Pitchford v. Cain, , was a United States Supreme Court case in which the court held that, after a prosecutor responds to a Batson challenge by asserting race-neutral reasons for a peremptory strike, the defense counsel must always have an opportunity to argue that the asserted race-neutral reasons were pretextual.

==Background==

In 2004, two Black teenagers, Terry Pitchford and Eric Bullins, robbed a grocery store near Grenada, Mississippi. During the robbery, Bullins shot and killed the white store owner. Bullins reached a plea agreement and received a 20-year sentence for the homicide. The state charged Pitchford with capital murder and sought the death penalty. During jury selection at Pitchford's trial, the prosecutor used peremptory strikes against four of the five Black potential jurors.

The Supreme Court held in Batson v. Kentucky (1986) that the Equal Protection Clause bars prosecutors from exercising peremptory challenges based on race. In Batson and subsequent cases, the Supreme Court created a three-step process for a trial court to determine whether a prosecutor employed a peremptory challenge based on race.

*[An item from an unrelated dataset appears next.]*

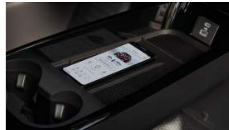
BEZPRZEWODOWA ŁADOWARKA Standard dla wszystkich wersji

Pitchford's counsel raised an objection under Batson and made a prima facie showing that the strikes of the four Black jurors were based on race (step one). The trial court asked the prosecutor for race-neutral reasons for each strike, and the prosecutor offered reasons (step two). The trial court declared the prosecutor's stated reasons to be race neutral. However, the trial court did not afford defense counsel an opportunity to rebut the prosecutor's race-neutral reasons as pretextual (step three), nor did it make any findings regarding whether the prosecutor's stated reasons were pretextual. At the close of jury selection, defense counsel sought to raise the Batson issue again, but the trial court twice cut off defense counsel. The empaneled jury, consisting of 11 white jurors and 1 black juror, convicted Pitchford of capital murder and sentenced him to death.

On direct appeal, the Mississippi Supreme Court concluded that Pitchford had waived his Batson objection by not arguing to the trial court that the prosecutor's proffered explanations were pretextual. Pitchford later filed a habeas corpus petition in federal District Court. Applying the applicable standard to obtain federal habeas relief under the Antiterrorism and Effective Death Penalty Act of 1996, the District Court concluded that the Mississippi Supreme Court had unreasonably applied Batson and had unreasonably determined that Pitchford waived his Batson objection. The District Court explained that no state court had conducted the full three-step Batson inquiry and that the trial court had "thwarted" the "attempt by Pitchford's counsel to argue pretext." The Fifth Circuit Court of Appeals reversed the District Court, concluding that the Mississippi Supreme Court's waiver finding was reasonable.

The Supreme Court granted certiorari.

==Opinion of the court==

The Supreme Court issued an opinion on May 28, 2026. The result was a 5-4 majority opinion. The conviction and death penalty for Terry Pitchford was overturned. The high court had ruled that the state court failed to properly evaluate whether the prosecution used racially discriminatory methods during the selection of the jury. This verdict was delivered by associate justice Brett Kavanaugh.